| Problem details |
The answer is to be the lines below that lie between the line holding "Sloth themed baby" and the line holding "Drizzle the pears", inclusive, transcribed exactly and free of pictures.

Data to use START

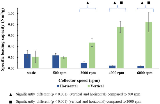 Representative stress–strain curves of these membranes (Supplementary Figure S3) resemble typical electrospun system curves found abundantly in the relevant literature [16,40]. At 500 rpm, mechanical performance was not significantly different from samples produced with the static immobile collector. However, as alignment increases at 2000 rpm and above, so does the specific loading capacity (Figure 11). In contrast, performance on a 90° degree angle (horizontal samples) decreases. Similar findings were documented by other electrospinning works as well [47].
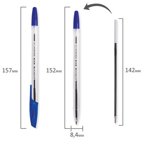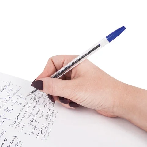 Шарикова ручка с прозрачным корпусом, вентилируемым колпачком и удобной трёхгранной зоной захвата с рифлением, препятствующим скольжению пальцев при письме. Ручка снабжена сменным стерженем 142 мм, что позволяет увеличить срок службы. Диаметр пишущего узла 0,7 мм создает тонкую линию письма, равную 0,35 мм.
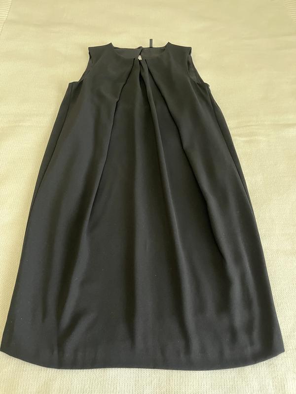 «Маленька чорна сукня» від Benetton на весну та літо. Мінімалістична, але із стильними деталями: зустрічна складка спереду, 2 маленькі складки по спинці, невеликий розріз по спинці та маленький гудзик, обтягнутий тканиною. На підкладі, вільна, без витачок.
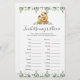Sloth themed baby shower finish mummy's phrase game card features a watercolor sloth illustration and watercolor greenery eucalyptus garland and elegant handwritten style font.
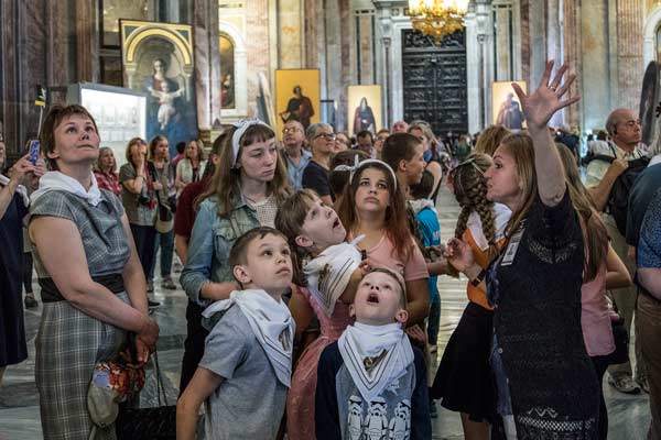 Сотрудники музея рассказали детям о том, какие технологии использовались при строительстве собора, почему стены храма было решено украсить мозаичными изображениями, как происходил опасный процесс огневого золочения куполов. Школьники узнали о важной роли Исаакиевского собора в сохранении культурных и исторических ценностей во время Великой Отечественной войны и о специалистах Объединенного хозяйства музеев, спасавших музейные коллекции. Сотрудник музея, петербургский иконописец Георги Панайотов рассказал детям об основных принципах реставрации, показал и объяснил, как укрепляется живописный слой монументальной живописи на примере текущих реставрационных работ в музее.
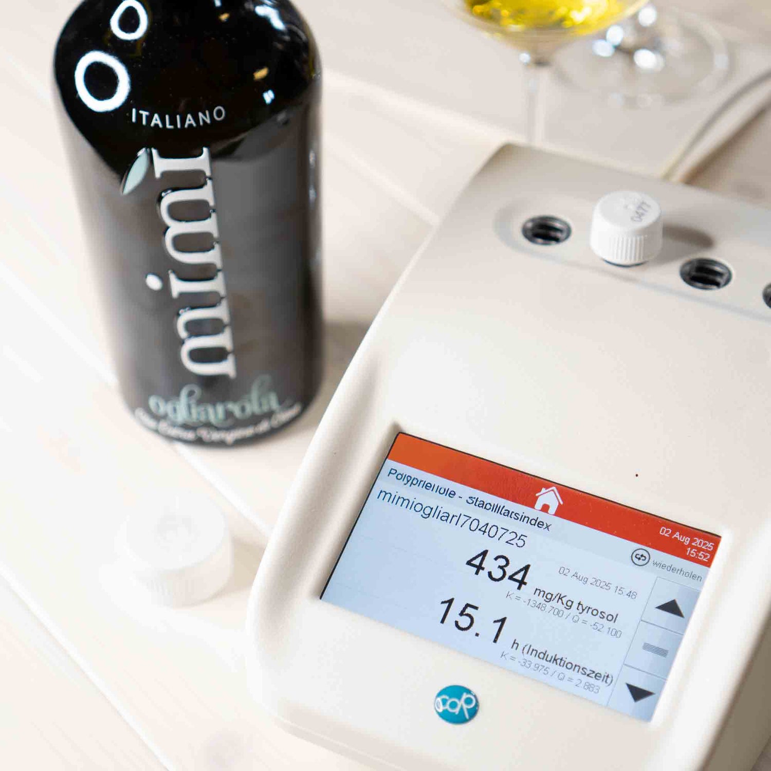 Um die Qualität zu sichern, lassen wir uns die Laboranalysen der Lieferanten zukommen und machen zusätzlich Stichproben einzelner Olivenöle mit unserem eigenen Analysegerät, mit dem wir Säuregrad, Peroxide und Polyphenolwerte testen können.
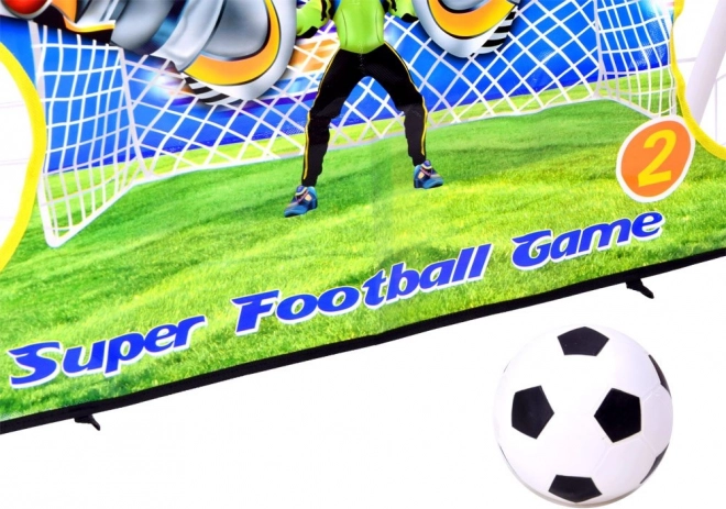 Kolorowa plachta z otworami celowniczymi w atrakcyjny sposób wspiera rozwój techniki i celności strzałów u małych piłkarzy.
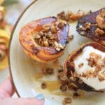 Drizzle the pears with a little more honey or homemade molasses syrup and serve warm with a heaping scoop of vanilla ice cream and a beautiful oat crumble garnish. For a healthier option, serve with Greek yogurt and oat crumble.
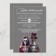 Imagine the scene: beneath the delicate, customisable text templates of your names and the details of your ceremony, lies an extraordinary vision. Behold the dashing skeletal couple, eternally intertwined in their unbreakable bond. The bride and groom, crafted with exquisite artistry, stand as eternal symbols of love that transcends the mortal coil.
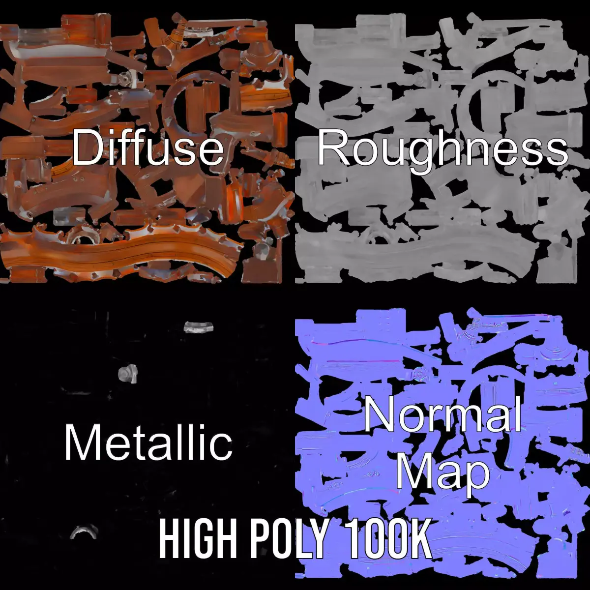 This Antique Wooden Spinning Wheel model pack captures the intricate details and classic charm of traditional spinning technology. Each model has 3 levels of detail: low-poly (1000 triangles for mobile), middle-poly (10,000 triangles for environment), and high-poly (100,000 triangles), which allows for the use of this model in production rendering (such as 3ds Max, Maya, Cinema 4D, Blender, Vray/Corona/Cycles and all others), game engines (Unity and Unreal compatible), and interactive presentations, providing a choice of detail based on the LOD System principle. Ideal for historical simulations, educational tools, or period piece scenes, this model is versatile and detailed. The model's textures are PBR, Diffuse, NormalMap, and reflection/roughness/metallic, which are suitable for any modern rendering engine. All models are accurately unwrapped and have no overlapping UV. All textures are 4096*4096 in size. Please like and leave a comment for the model if you liked it.
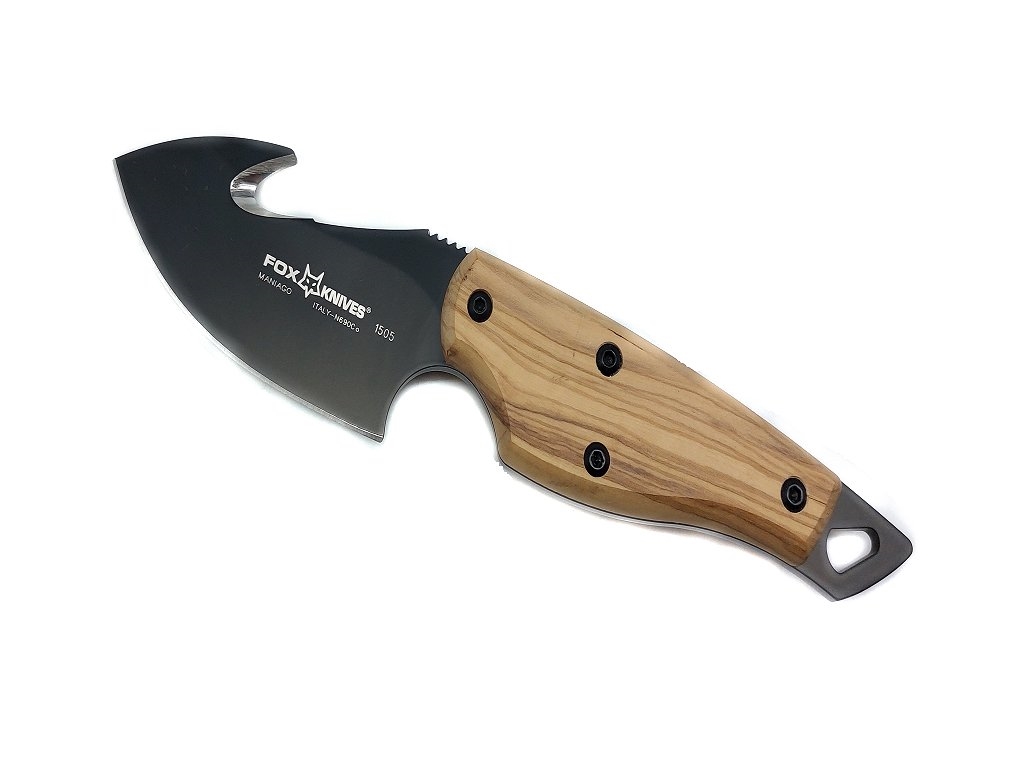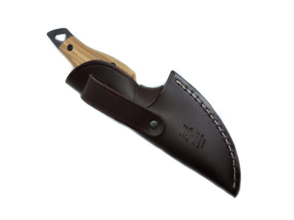 Coltello Fox da scuoio lama 8 cm e manico in olivo con scuoiatore
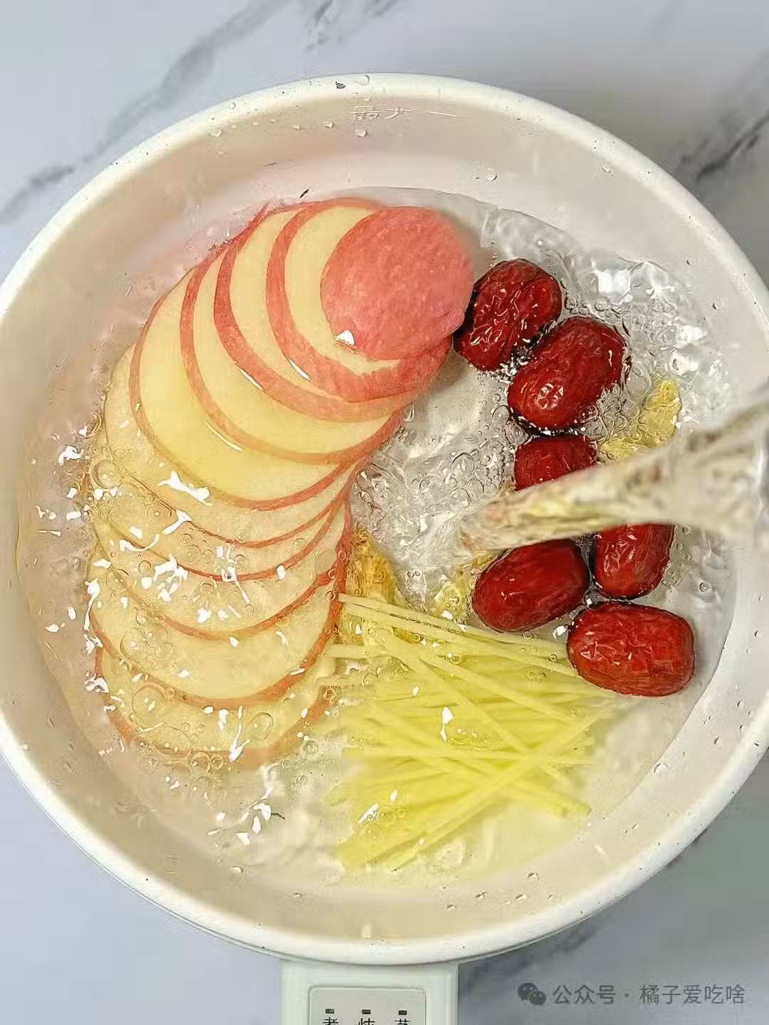 2. 煮制:將切好的生薑片和蘋果塊放入鍋中,加入適量的水,大火煮開後轉小火煮15-20分鐘左右,至蘋果軟爛。
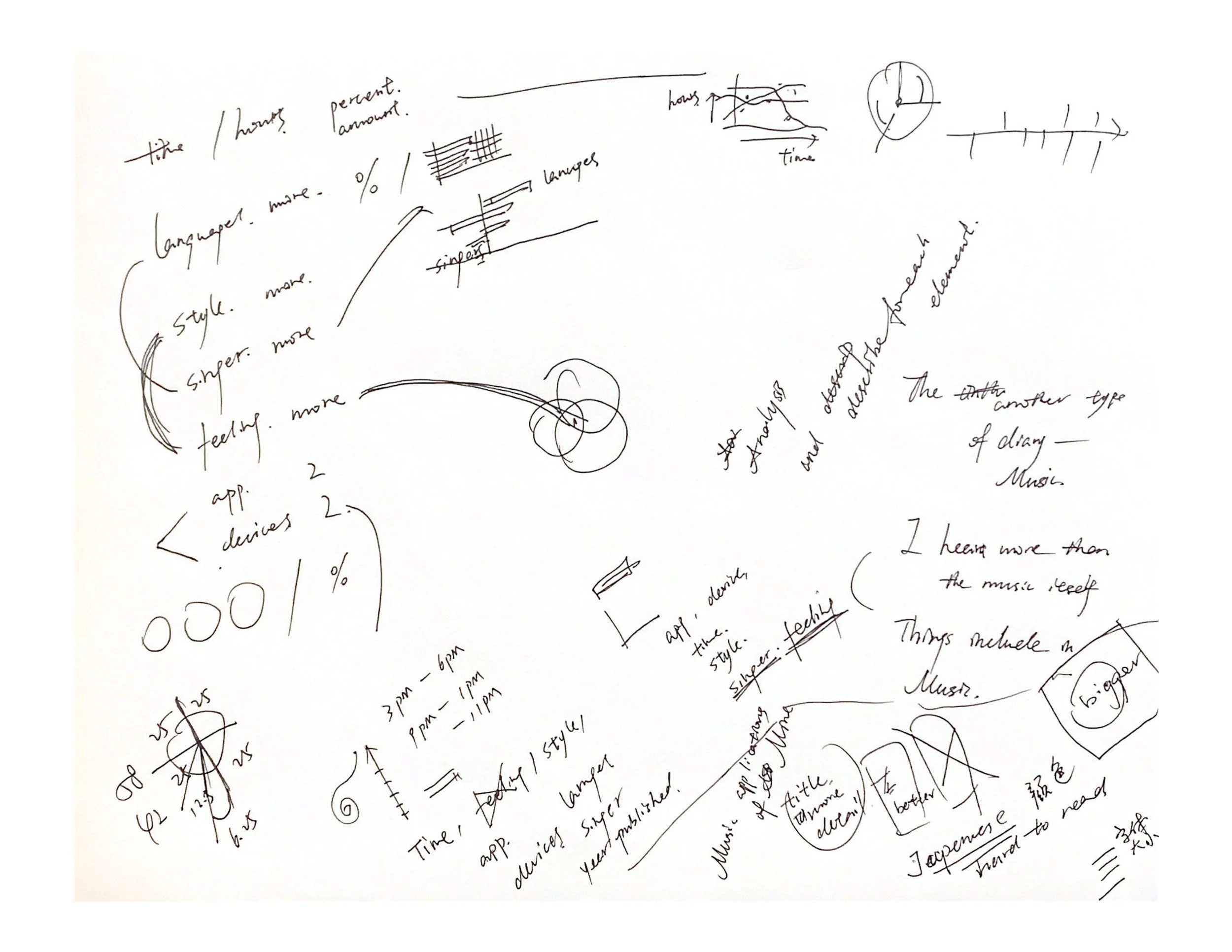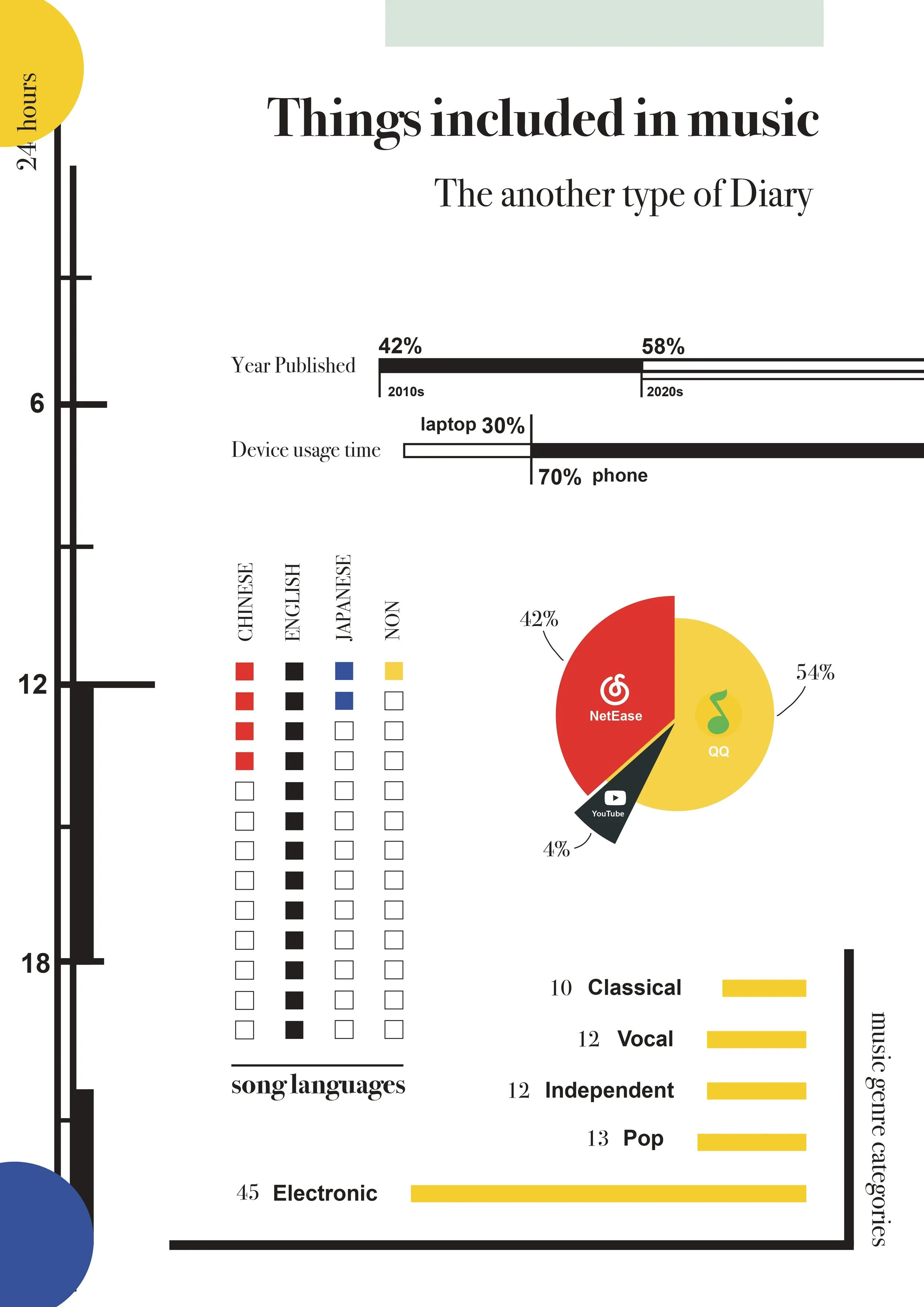 The THINGS INCLUDED IN MUSIC investigates embodiment within digital environments through a structured process of observation and self-directed research. Using auto-ethnographic methods, it documents first-hand interactions with everyday digital tools, translating personal experience into a set of qualitative data points. The collected data is analyzed and explored through visual systems, transforming patterns of behavior, interaction, and perception into clear and engaging data visualizations. The result highlights the relationship between human experience and digital interfaces, positioning design as a tool for both interpretation and communication.
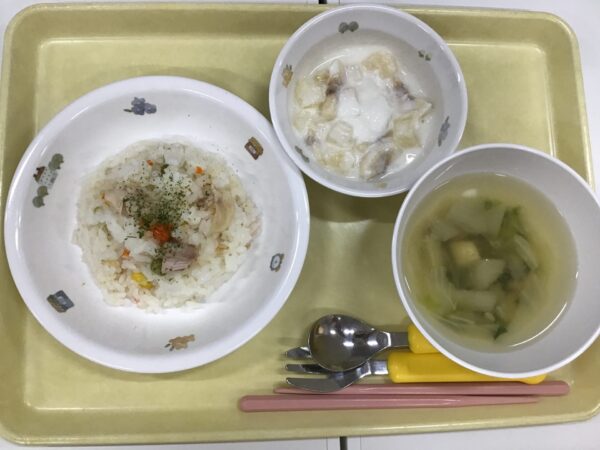 ピラフもスープもやさしい味つけでお野菜がたくさん!お野菜が苦手なお友達ももりもり食べました♪

Data to use END

| Task answer |
Sloth themed baby shower finish mummy's phrase game card features a watercolor sloth illustration and watercolor greenery eucalyptus garland and elegant handwritten style font.
 Сотрудники музея рассказали детям о том, какие технологии использовались при строительстве собора, почему стены храма было решено украсить мозаичными изображениями, как происходил опасный процесс огневого золочения куполов. Школьники узнали о важной роли Исаакиевского собора в сохранении культурных и исторических ценностей во время Великой Отечественной войны и о специалистах Объединенного хозяйства музеев, спасавших музейные коллекции. Сотрудник музея, петербургский иконописец Георги Панайотов рассказал детям об основных принципах реставрации, показал и объяснил, как укрепляется живописный слой монументальной живописи на примере текущих реставрационных работ в музее.
 Um die Qualität zu sichern, lassen wir uns die Laboranalysen der Lieferanten zukommen und machen zusätzlich Stichproben einzelner Olivenöle mit unserem eigenen Analysegerät, mit dem wir Säuregrad, Peroxide und Polyphenolwerte testen können.
 Kolorowa plachta z otworami celowniczymi w atrakcyjny sposób wspiera rozwój techniki i celności strzałów u małych piłkarzy.
 Drizzle the pears with a little more honey or homemade molasses syrup and serve warm with a heaping scoop of vanilla ice cream and a beautiful oat crumble garnish. For a healthier option, serve with Greek yogurt and oat crumble.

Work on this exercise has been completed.